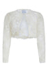 - Ivory lace cropped long sleeve jacket with scalloped hem and hook closure at neck, unlined
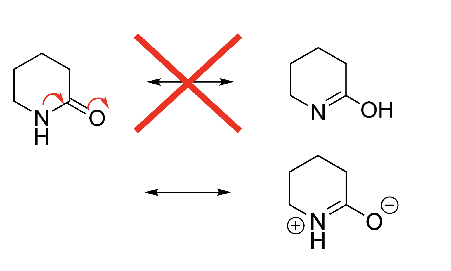 Coucou, en gros ton c=O est mésomère attracteur et ton N est mésomère donneur donc le N donne un doublet non liant il devient N+ parce qu’il a perdu des e- et ton O attire les e- et donc il en gagne et devient O-. C’est plus clair ?
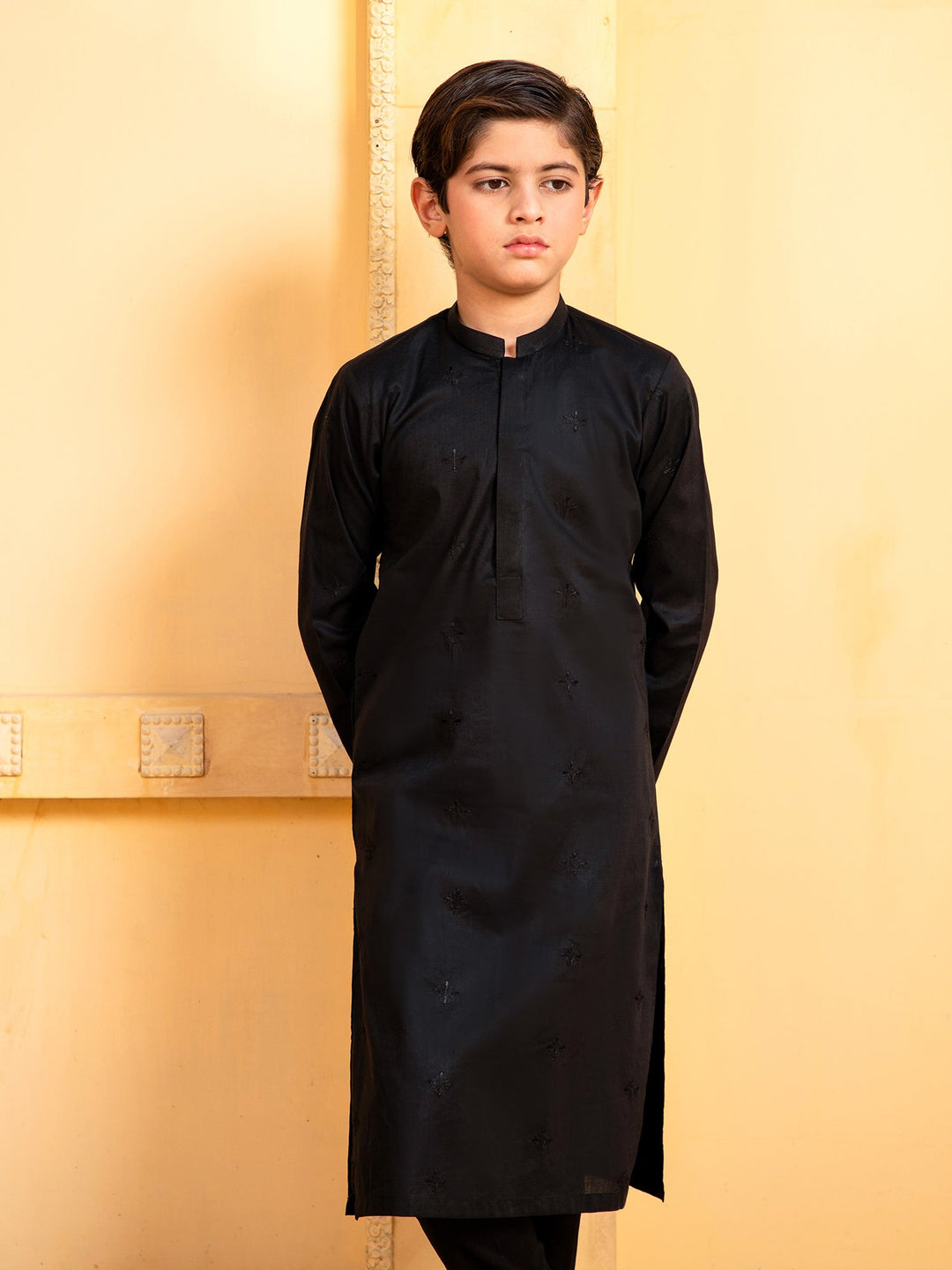 Description: A modern signature embroidered kurta with Mandarin collar; paired with straight trousers. This is a 2-piece stitched outfit.
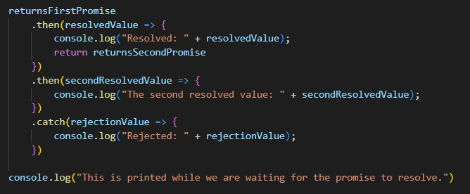 After this, you have to assign some code telling the program how to handle the resolved or rejected response. This is done by “chaining” .then() methods to the promise. When adding a .then() method, you feed it “handlers”. Handler functions handle the returned value from a settled promise. As a promise can either resolve or reject, we also need a succes-handler and rejection-handler. There are 2 ways of doing this. Either you give .then both handlers, beginning with the succes-handler, then as a 2nd parameter add the failure-handler. Another way of doing this, and a more clear way of expressing how the promise should react to success and failure is chaining a .catch() method after the .then() method. Doing this, you feed .then() the succes-handler and .catch() the failure-handler. This could look like this:

▶ [What you need to do]
Transcribe all of the material exactly, leaving out whatever pictures it contains.

▶ [Response area]
 - Ivory lace cropped long sleeve jacket with scalloped hem and hook closure at neck, unlined
 Coucou, en gros ton c=O est mésomère attracteur et ton N est mésomère donneur donc le N donne un doublet non liant il devient N+ parce qu’il a perdu des e- et ton O attire les e- et donc il en gagne et devient O-. C’est plus clair ?
 Description: A modern signature embroidered kurta with Mandarin collar; paired with straight trousers. This is a 2-piece stitched outfit.
 After this, you have to assign some code telling the program how to handle the resolved or rejected response. This is done by “chaining” .then() methods to the promise. When adding a .then() method, you feed it “handlers”. Handler functions handle the returned value from a settled promise. As a promise can either resolve or reject, we also need a succes-handler and rejection-handler. There are 2 ways of doing this. Either you give .then both handlers, beginning with the succes-handler, then as a 2nd parameter add the failure-handler. Another way of doing this, and a more clear way of expressing how the promise should react to success and failure is chaining a .catch() method after the .then() method. Doing this, you feed .then() the succes-handler and .catch() the failure-handler. This could look like this:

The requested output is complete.